Exercise requirements: In your copy of the data, omit the pictures and keep all else exactly as given.

┏━━

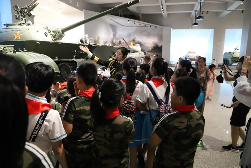 在解说员的带领下,学生们首先参观了兵器陈列,了解了战斗英雄王海驾驶过的米格15歼击机、功臣号坦克、“红旗二号”导弹等人民军队历史上的功勋武器,以及背后一个个动人的故事,每个人的心灵都被深深地感染和震撼着。
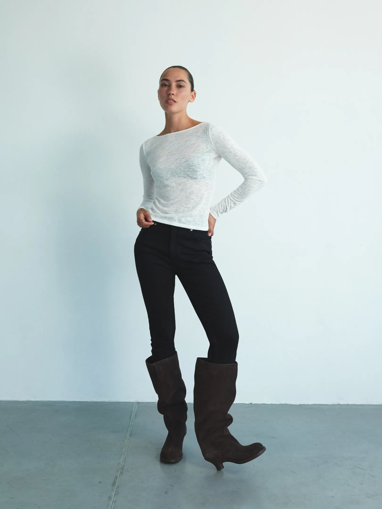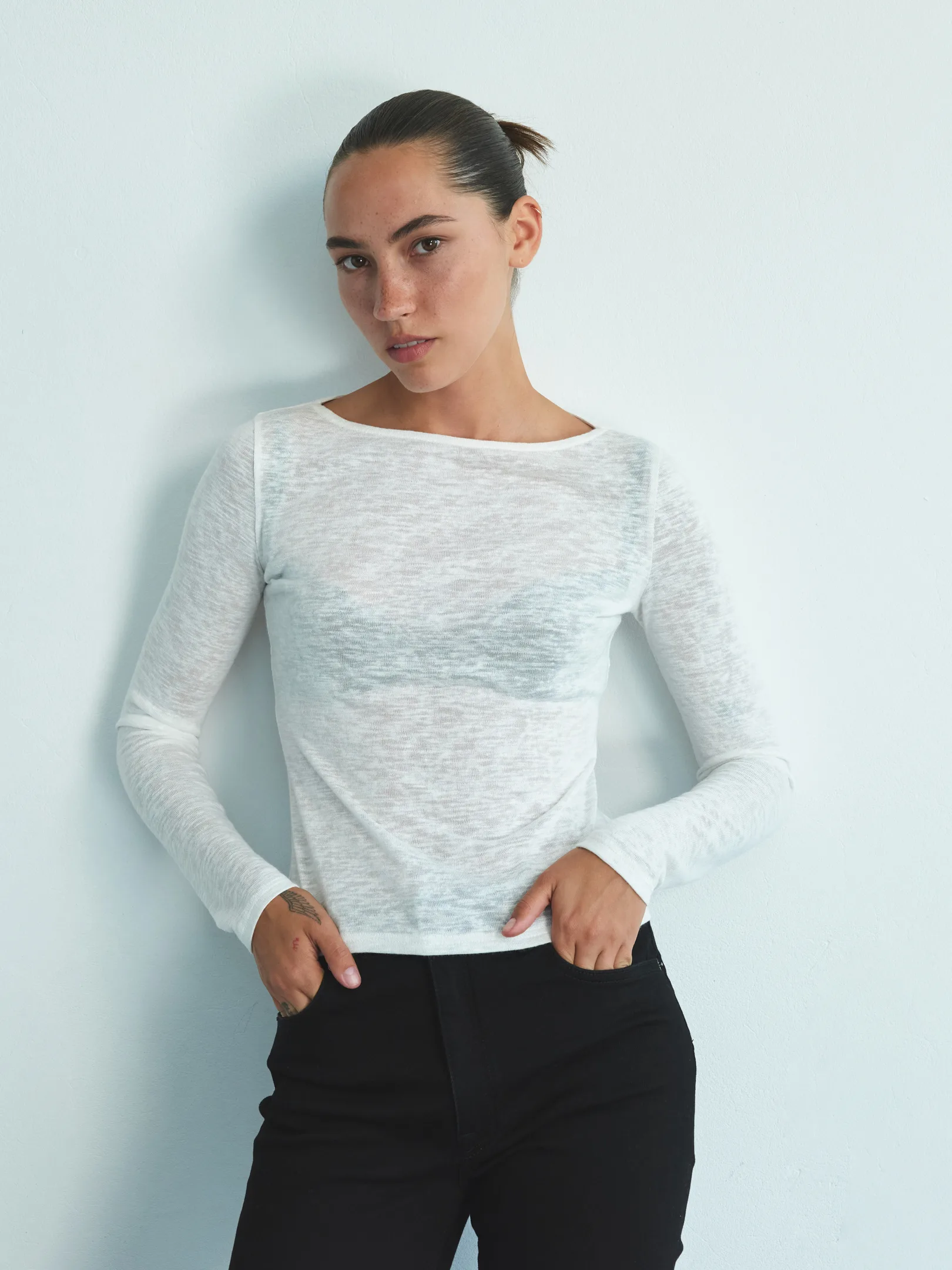 Базовий вкорочений напівпрозорий лонгслів, доступний у двох кольорах — чорному та молочному. Легка напівпрозора тканина відкриває багато варіантів для стилізації: його можна носити самостійно, комбінувати з топом чи бюстгальтером, або створювати багатошарові образи. Лонгслів гарно працює як нижній шар під светр, жакет чи тренч, додаючи образу глибини.
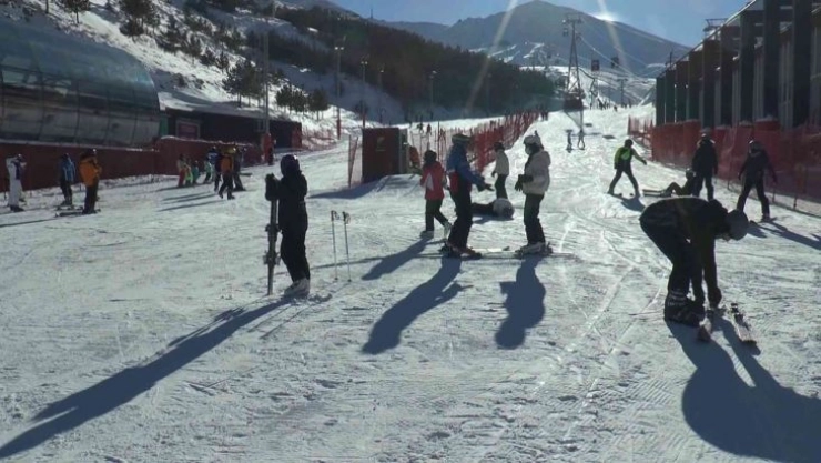 Palandöken Kayak Merkezinde hafta sonunda düşe kalka kayak keyfi yaşanıyor.
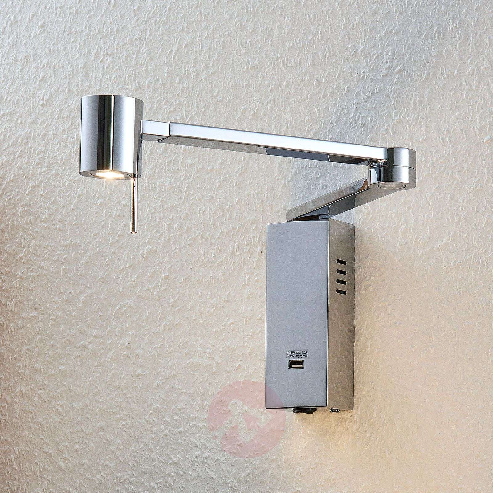 Nowoczesny kinkiet LED Merete z wysuwanym ramieniem Nowoczesna lampa ścienna LED Merete jest doskonale przystosowana do oświetlenia przy łóżku lub w kąciku do czytania i robótek ręcznych. Minimalistyczny i nowoczesny design oferuje wysoką funkcjonalność. Głowicę z diodami LED świecącymi w barwie ciepłej bieli można wygodnie wyciągnąć i rozłożyć, a w razie potrzeby zsunąć. Samo światło można przełączać za pomocą przycisku włączania/wyłączania na oprawie. Znajduje się on wokół dolnego końca oprawy. Najważniejszym punktem jest jednak dodatkowy port USB: tutaj można wygodnie podłączyć np. własny smartfon lub tablet do ładowania. Klasa efektywności energetycznej: A+
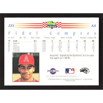 This is a 1992 Classic/Best Fidel Compres baseball card. The card is #331 and pictures show condition.
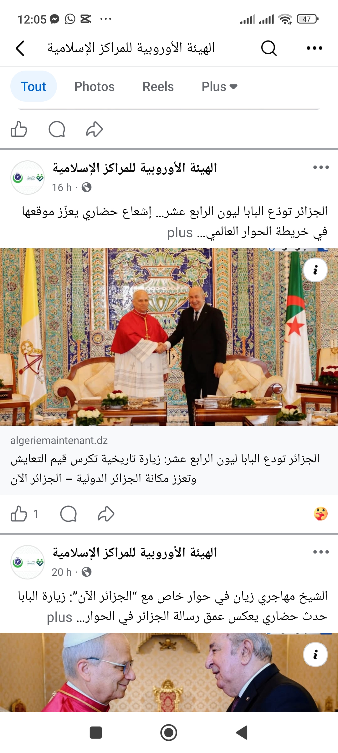 الهيئة الأوروبية للمراكز الإسلامية تحتفي بزيارة البابا للجزائر
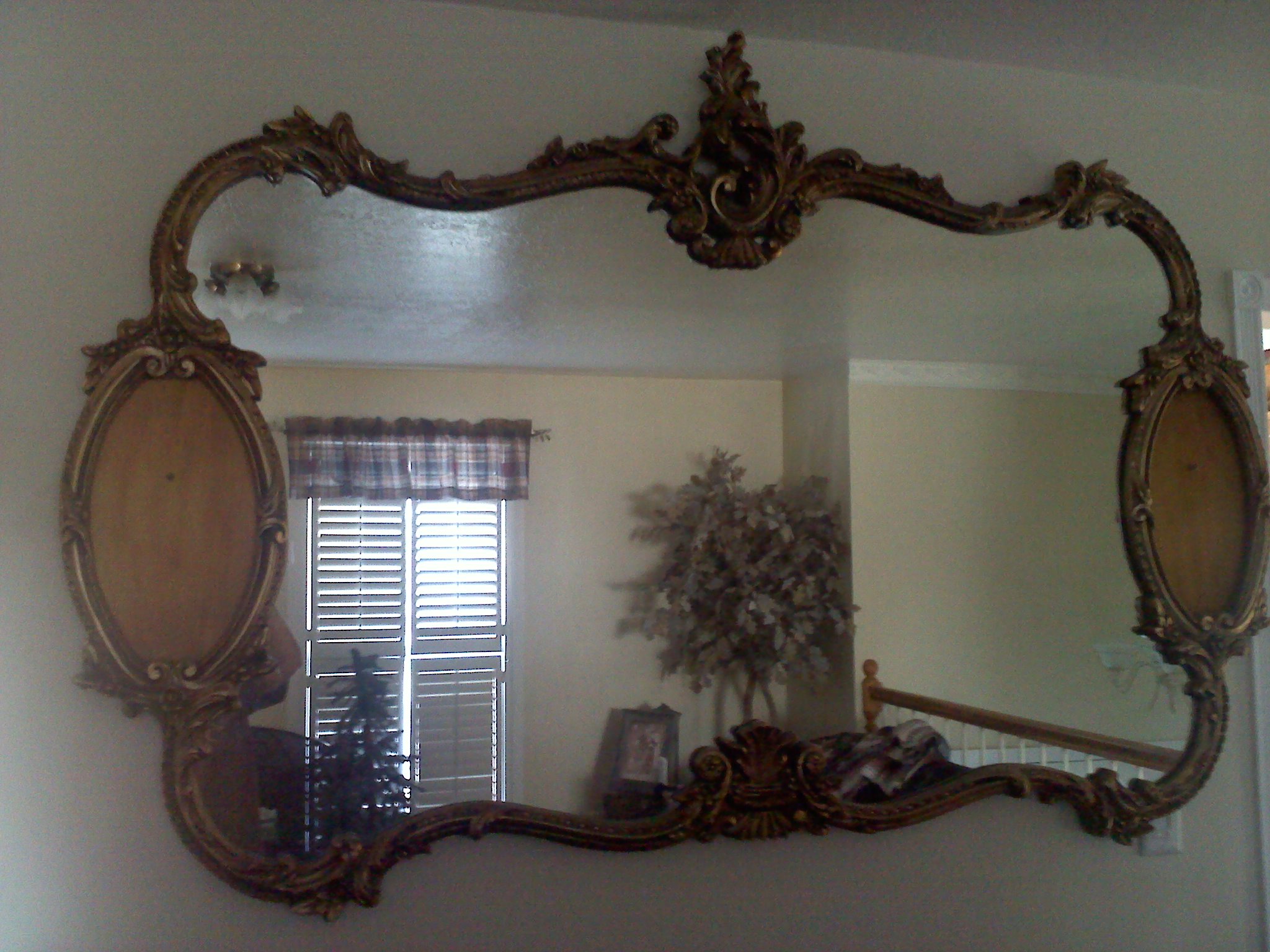 I was told this is called a wedding mirror. It is black and gold trim with scrolls all the way around the mirror. It has an opening on each end for pictures (I do not have the bubbles or glass that belongs in that area. The mirror measures 75 x 42.
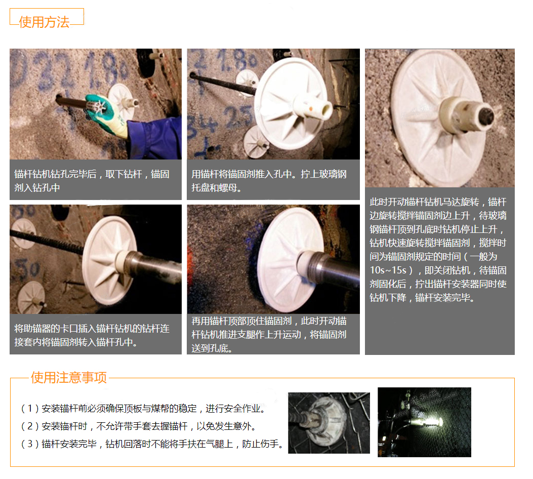 第五步:開動(dòng)馬達(dá)鉆機(jī)旋轉(zhuǎn),錨桿邊旋轉(zhuǎn)攪拌錨固劑邊上升,待玻璃鋼錨桿頂?shù)娇椎讜r(shí)鉆機(jī)停止上升,鉆機(jī)快速旋轉(zhuǎn)攪拌錨固劑,攪拌時(shí)間一般為10-15S,即關(guān)閉鉆機(jī),待錨固劑固化后,擰出錨桿安裝器,同時(shí)將鉆機(jī)下降,錨桿安裝完畢。
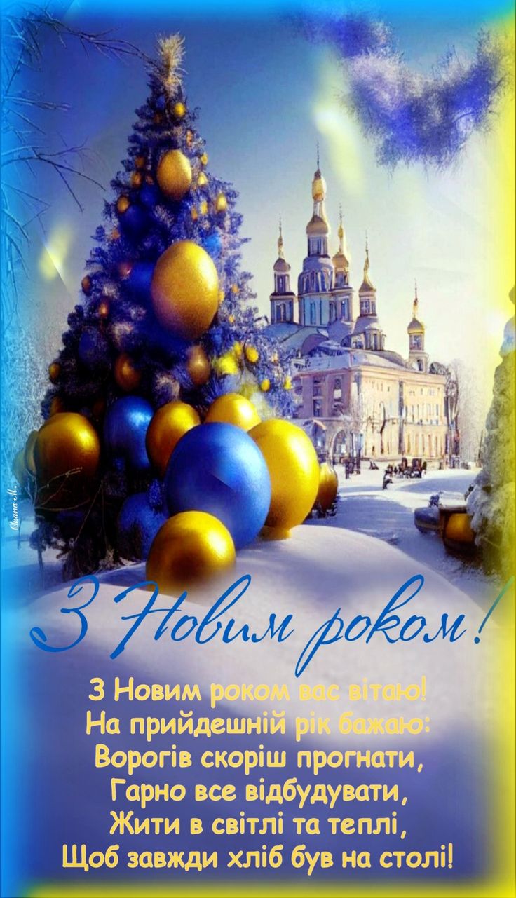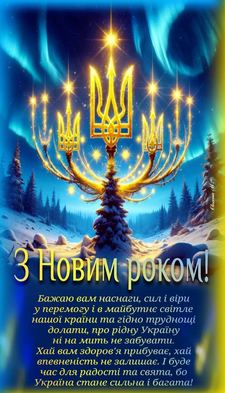 Бажаю вам щасливого Нового року, нехай доля за порогом залишає всі негаразди, а в душі живе віра в мирне життя, добробут, злагоду. Нехай з нової сторінки в ваше життя ввійдуть радість, любов, спокій та перемога.
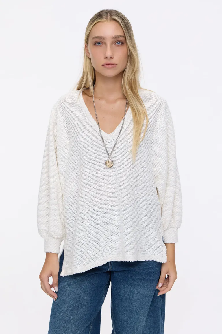 Sweater tejido con escote en V y mangas largas con puños fruncidos. Diseño de corte holgado con largo asimétrico y tajos en los laterales, ideal para un look casual y cómodo. Presenta una textura definida que aporta versatilidad al uso diario.
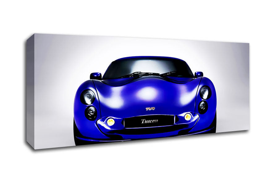 Tvr Tuscan Blue Purple Panoramic Canvas Print handmade in the UK. Stretched over a 2 inch thick wooden box frame, ready to hang on your wall.

┗━━

Result for this exercise:
 在解说员的带领下,学生们首先参观了兵器陈列,了解了战斗英雄王海驾驶过的米格15歼击机、功臣号坦克、“红旗二号”导弹等人民军队历史上的功勋武器,以及背后一个个动人的故事,每个人的心灵都被深深地感染和震撼着。
 Базовий вкорочений напівпрозорий лонгслів, доступний у двох кольорах — чорному та молочному. Легка напівпрозора тканина відкриває багато варіантів для стилізації: його можна носити самостійно, комбінувати з топом чи бюстгальтером, або створювати багатошарові образи. Лонгслів гарно працює як нижній шар під светр, жакет чи тренч, додаючи образу глибини.
 Palandöken Kayak Merkezinde hafta sonunda düşe kalka kayak keyfi yaşanıyor.
 Nowoczesny kinkiet LED Merete z wysuwanym ramieniem Nowoczesna lampa ścienna LED Merete jest doskonale przystosowana do oświetlenia przy łóżku lub w kąciku do czytania i robótek ręcznych. Minimalistyczny i nowoczesny design oferuje wysoką funkcjonalność. Głowicę z diodami LED świecącymi w barwie ciepłej bieli można wygodnie wyciągnąć i rozłożyć, a w razie potrzeby zsunąć. Samo światło można przełączać za pomocą przycisku włączania/wyłączania na oprawie. Znajduje się on wokół dolnego końca oprawy. Najważniejszym punktem jest jednak dodatkowy port USB: tutaj można wygodnie podłączyć np. własny smartfon lub tablet do ładowania. Klasa efektywności energetycznej: A+
 This is a 1992 Classic/Best Fidel Compres baseball card. The card is #331 and pictures show condition.
 الهيئة الأوروبية للمراكز الإسلامية تحتفي بزيارة البابا للجزائر
 I was told this is called a wedding mirror. It is black and gold trim with scrolls all the way around the mirror. It has an opening on each end for pictures (I do not have the bubbles or glass that belongs in that area. The mirror measures 75 x 42.
 第五步:開動(dòng)馬達(dá)鉆機(jī)旋轉(zhuǎn),錨桿邊旋轉(zhuǎn)攪拌錨固劑邊上升,待玻璃鋼錨桿頂?shù)娇椎讜r(shí)鉆機(jī)停止上升,鉆機(jī)快速旋轉(zhuǎn)攪拌錨固劑,攪拌時(shí)間一般為10-15S,即關(guān)閉鉆機(jī),待錨固劑固化后,擰出錨桿安裝器,同時(shí)將鉆機(jī)下降,錨桿安裝完畢。
 Бажаю вам щасливого Нового року, нехай доля за порогом залишає всі негаразди, а в душі живе віра в мирне життя, добробут, злагоду. Нехай з нової сторінки в ваше життя ввійдуть радість, любов, спокій та перемога.
 Sweater tejido con escote en V y mangas largas con puños fruncidos. Diseño de corte holgado con largo asimétrico y tajos en los laterales, ideal para un look casual y cómodo. Presenta una textura definida que aporta versatilidad al uso diario.
 Tvr Tuscan Blue Purple Panoramic Canvas Print handmade in the UK. Stretched over a 2 inch thick wooden box frame, ready to hang on your wall.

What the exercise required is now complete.